§ **DATA SUPPLIED**:
>>>

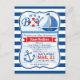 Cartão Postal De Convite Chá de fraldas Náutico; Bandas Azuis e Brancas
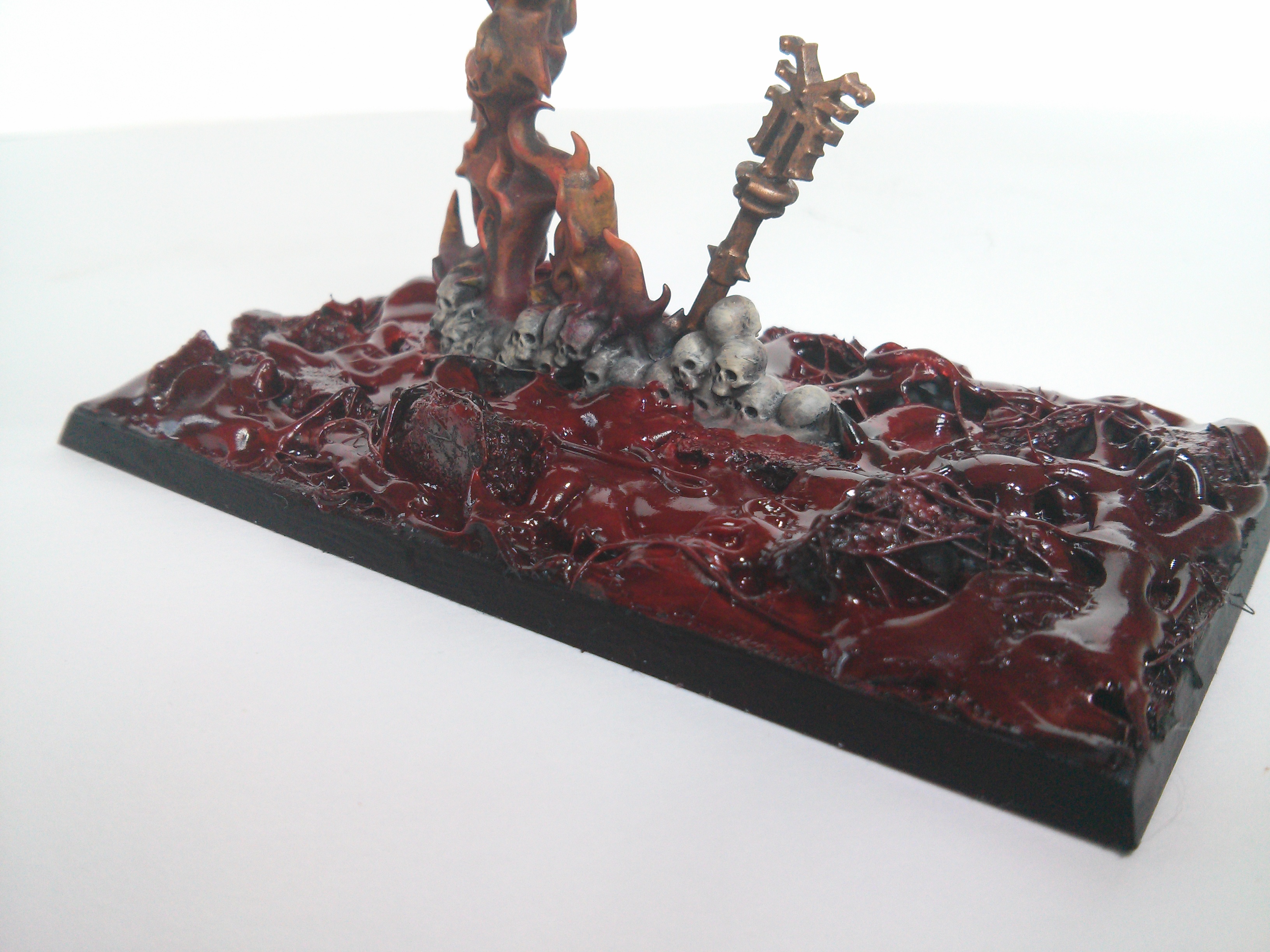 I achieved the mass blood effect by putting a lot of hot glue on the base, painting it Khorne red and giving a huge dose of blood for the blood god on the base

<<<
>>>

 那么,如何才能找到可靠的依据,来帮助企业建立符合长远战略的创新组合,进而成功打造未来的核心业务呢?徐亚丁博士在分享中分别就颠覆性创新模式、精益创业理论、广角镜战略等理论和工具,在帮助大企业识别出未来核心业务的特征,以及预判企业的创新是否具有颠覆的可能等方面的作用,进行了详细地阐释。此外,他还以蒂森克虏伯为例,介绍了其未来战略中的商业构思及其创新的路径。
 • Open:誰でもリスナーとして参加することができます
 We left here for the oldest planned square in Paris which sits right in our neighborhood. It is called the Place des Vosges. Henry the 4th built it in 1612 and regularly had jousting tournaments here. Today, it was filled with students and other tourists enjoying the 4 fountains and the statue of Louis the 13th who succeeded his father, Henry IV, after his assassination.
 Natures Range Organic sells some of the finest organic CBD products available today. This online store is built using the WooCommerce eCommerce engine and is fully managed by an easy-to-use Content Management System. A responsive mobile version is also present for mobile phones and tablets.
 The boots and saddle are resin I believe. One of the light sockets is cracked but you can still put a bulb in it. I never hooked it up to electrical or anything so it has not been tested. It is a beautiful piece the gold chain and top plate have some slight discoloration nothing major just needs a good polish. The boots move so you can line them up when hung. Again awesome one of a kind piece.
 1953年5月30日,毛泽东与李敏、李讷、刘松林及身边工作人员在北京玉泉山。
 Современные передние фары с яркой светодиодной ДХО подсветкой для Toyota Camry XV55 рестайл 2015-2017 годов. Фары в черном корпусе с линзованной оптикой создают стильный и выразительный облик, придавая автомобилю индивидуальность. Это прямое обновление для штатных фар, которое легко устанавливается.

<<<

§ **REQUIRED WORK**: Please copy the lines in the records above between the one holding "那么,如何才能找到可靠的依据" and the one holding "Современные передние фары", inclusive, exactly and with no other line.

§ **EXERCISE ANSWER**:
 那么,如何才能找到可靠的依据,来帮助企业建立符合长远战略的创新组合,进而成功打造未来的核心业务呢?徐亚丁博士在分享中分别就颠覆性创新模式、精益创业理论、广角镜战略等理论和工具,在帮助大企业识别出未来核心业务的特征,以及预判企业的创新是否具有颠覆的可能等方面的作用,进行了详细地阐释。此外,他还以蒂森克虏伯为例,介绍了其未来战略中的商业构思及其创新的路径。
 • Open:誰でもリスナーとして参加することができます
 We left here for the oldest planned square in Paris which sits right in our neighborhood. It is called the Place des Vosges. Henry the 4th built it in 1612 and regularly had jousting tournaments here. Today, it was filled with students and other tourists enjoying the 4 fountains and the statue of Louis the 13th who succeeded his father, Henry IV, after his assassination.
 Natures Range Organic sells some of the finest organic CBD products available today. This online store is built using the WooCommerce eCommerce engine and is fully managed by an easy-to-use Content Management System. A responsive mobile version is also present for mobile phones and tablets.
 The boots and saddle are resin I believe. One of the light sockets is cracked but you can still put a bulb in it. I never hooked it up to electrical or anything so it has not been tested. It is a beautiful piece the gold chain and top plate have some slight discoloration nothing major just needs a good polish. The boots move so you can line them up when hung. Again awesome one of a kind piece.
 1953年5月30日,毛泽东与李敏、李讷、刘松林及身边工作人员在北京玉泉山。
 Современные передние фары с яркой светодиодной ДХО подсветкой для Toyota Camry XV55 рестайл 2015-2017 годов. Фары в черном корпусе с линзованной оптикой создают стильный и выразительный облик, придавая автомобилю индивидуальность. Это прямое обновление для штатных фар, которое легко устанавливается.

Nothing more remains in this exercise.